First of all, it's very easy to get significance when you have large sample size; so don't be surprised when you find two significant results, one for positive, one of negative! Even more,you can actually control some coeffeicient in logistic regression to be always positive or negative.

This may relates with confounding issue. Here are the ways of systematically check the confounding issue for the model:

1. Look at various descriptive statistics to get a feel for the data. For logistic regression, this usually includes looking at descriptive statistics within "outcome = yes = 1" versus "outcome = no = 0" groups.

2. The above "by outcome group" descriptive statistics are often sufficient for discrete covariates, but you may want to prepare some graphics for continuous variables.

3. For all continuous variables being considered, calculate a correlation matrix of each variable against each other variable.
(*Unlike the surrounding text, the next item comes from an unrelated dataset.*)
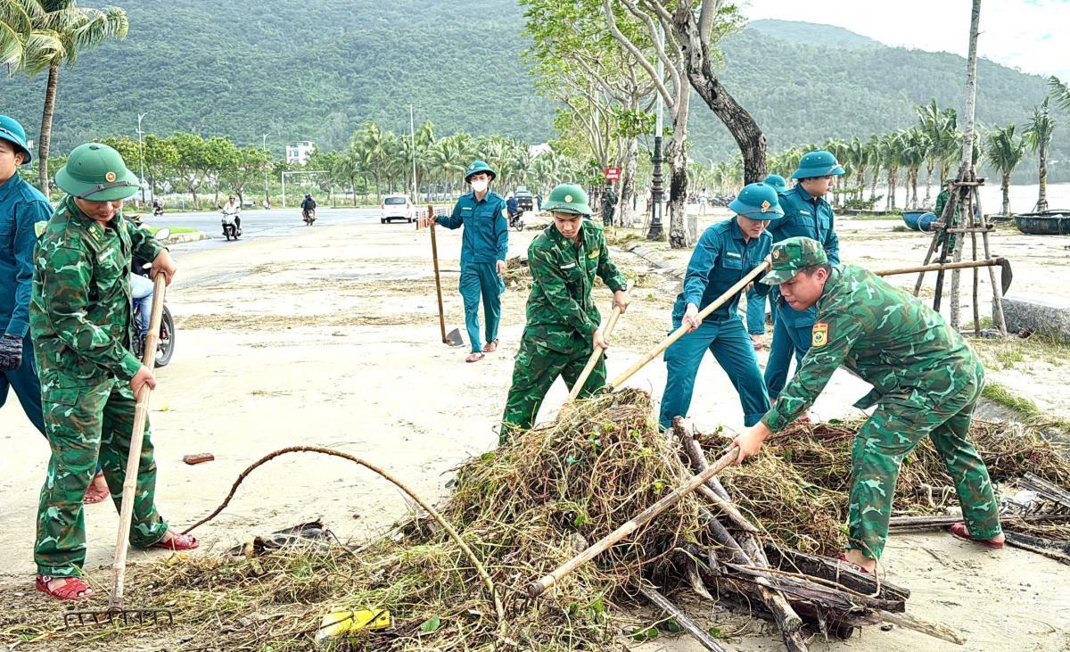 Cán bộ chiến sĩ chia thành nhiều nhóm thu dọn rác thải, xúc cát, vận chuyển cây cối đổ ngã. Không chỉ dọn dẹp ở khu vực bãi biển, lực lượng đoàn viên thanh niên còn dọn cát trên các tuyến đường biển để đảm bảo an toàn cho người dân khi lưu thông.

This allows one to begin to investigate possible confounding and collinearity.

4. Similarly, for each categorical/continous independent variable pair, look at the values for the continuous variable in each category of the other variable.

5. Finally, create tables for all categorical/categorical independent variable pairs.

6. Perform a simple logistic regression for each independent variable.
This begins to investigate confounding (we will see in more detail next class), as well as providing an initial "unadjusted" view of the importance of each variable, by itself.

7. Think about any "interaction terms" that you may want to try in the model.

8. Perform some sort of model selection technique, or, often much better, think about avoiding any strict model selection(stepwise,backward etc.) by finding a set of models that seem to have something to contribute to overall conclusions.

9. Based on all work done, draw some inferences and conclusions. Carefully interpret each estimated parameter, perform "model criticism", possibly repeating some of the above steps (for example, run further models), as needed.

10. In regular regression e.g. Proc Reg, we can generate Variance Inflation Factors (VIFs) to check the multicollinearity, How can we do this in logistic regression? In fact, You can check for collinearity for logistic regression the same way as you would for linear regression i.e. just run a linear regression with the same predictors and dependant you are using for the logistic model.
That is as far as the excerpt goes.